Sabían que era un robo. Y siguieron adelante.

Documentos judiciales hechos públicos el 17 de septiembre revelan que directivos de Microsoft y OpenAI reconocieron internamente que entrenar sus modelos de inteligencia artificial con millones de artículos periodísticos protegidos por derechos de autor era, en sus propias palabras, una práctica ilegal y sin precedentes.

El número que lo dice todo

OpenAI extrajo contenido de más de 10 millones de artículos. Casi un tercio provenía exclusivamente de The New York Times, que mantiene una demanda activa contra ambas compañías. Según los abogados del diario, los acusados copiaron esos materiales "sin permiso, en su totalidad, para producir productos comerciales sustitutivos".

No es una interpretación externa. Es la lectura que hacían por dentro.

Las palabras que no tienen vuelta atrás

Brent Hecht, director de ciencia aplicada de Microsoft, escribió en comunicaciones internas que la práctica constituía "un robo asombroso de proporciones sin precedentes" y advirtió que, de perder el caso, se haría "una completa burla de la idea del uso legítimo". También alertó sobre un posible "encubrimiento accidental" de OpenAI en sus intentos por identificar contenido del NYT en sus sistemas.

Microsoft respondió que las declaraciones de Hecht reflejan "la perspectiva individual de un empleado" y que "no representan la postura de la empresa".

Por su parte, Greg Brockman, cofundador y presidente de OpenAI, habría escrito alrededor de 2017 que estaba "profundamente motivado por las gazillones" que esperaba obtener al comercializar la tecnología. Los abogados del NYT sostienen que ese incentivo económico fue el motor detrás de la recolección masiva de contenido ajeno.

El bypass al muro de pago

El escrito judicial también revela que OpenAI utilizó técnicas "transgresoras y engañosas" para acceder a contenido detrás de paywalls. Cuando un empleado le informó a Brockman sobre "un truco para evadir el muro de pago" del NYT, su respuesta fue: "ah, qué bien".

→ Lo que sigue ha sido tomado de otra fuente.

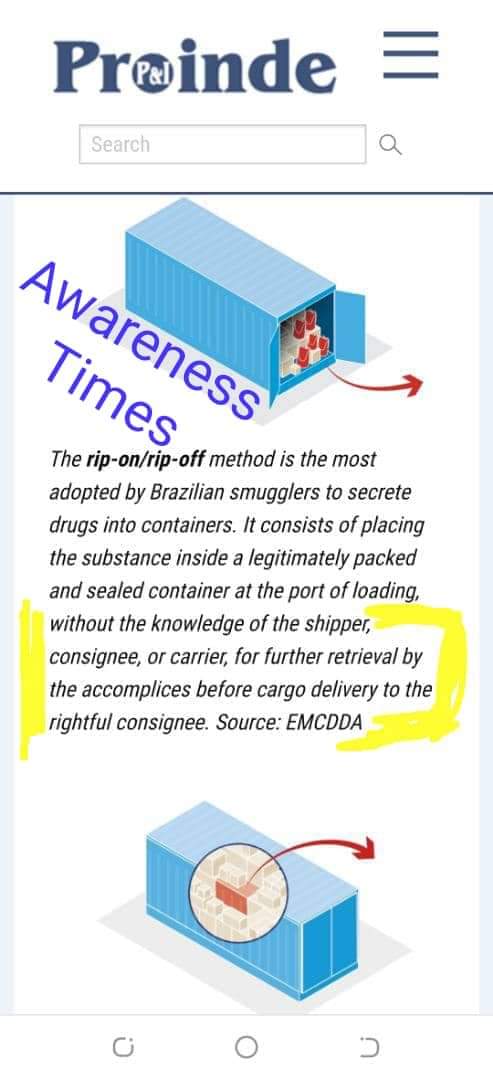 Finally, the Rip-On/Rip-Off method of concealing Cocaine in containers for shipment out of Brazil is also here illustrated as re-published from PROINDE, a top Brazilian Marine Insurance newsletter.

El propio responsable de ChatGPT en OpenAI reconoció que los editores enfrentaban una "amenaza existencial" por productos de IA que son "en gran medida sustitutivos, punto".

El dato que entierra el argumento del 'tráfico'

Uno de los argumentos históricos de las Big Tech frente a los medios es que la IA genera tráfico hacia el contenido original. Los propios datos de Microsoft destruyen esa tesis: las tasas de clics hacia el contenido original fueron entre 83% y 93% más bajas entre usuarios de herramientas de respuesta con IA, frente al buscador tradicional. Un ingeniero de OpenAI lo resumió sin rodeos: "por mucho que mostremos los enlaces de forma destacada, los usuarios no harán clic".

Satya Nadella, CEO de Microsoft, declaró en el juicio que si hubiera sabido que OpenAI entrenó con contenido protegido por paywall, habría exigido que la compañía reentrenara sus modelos, en virtud del acuerdo vigente entre ambas empresas.


Lo que está en juego no es solo un pleito entre un diario y una empresa de IA. Es la pregunta que toda industria creativa —medios, editoriales, agencias— debería hacerse hoy: ¿a quién le pertenece el contenido que alimenta a los modelos que compiten contra quienes lo produjeron?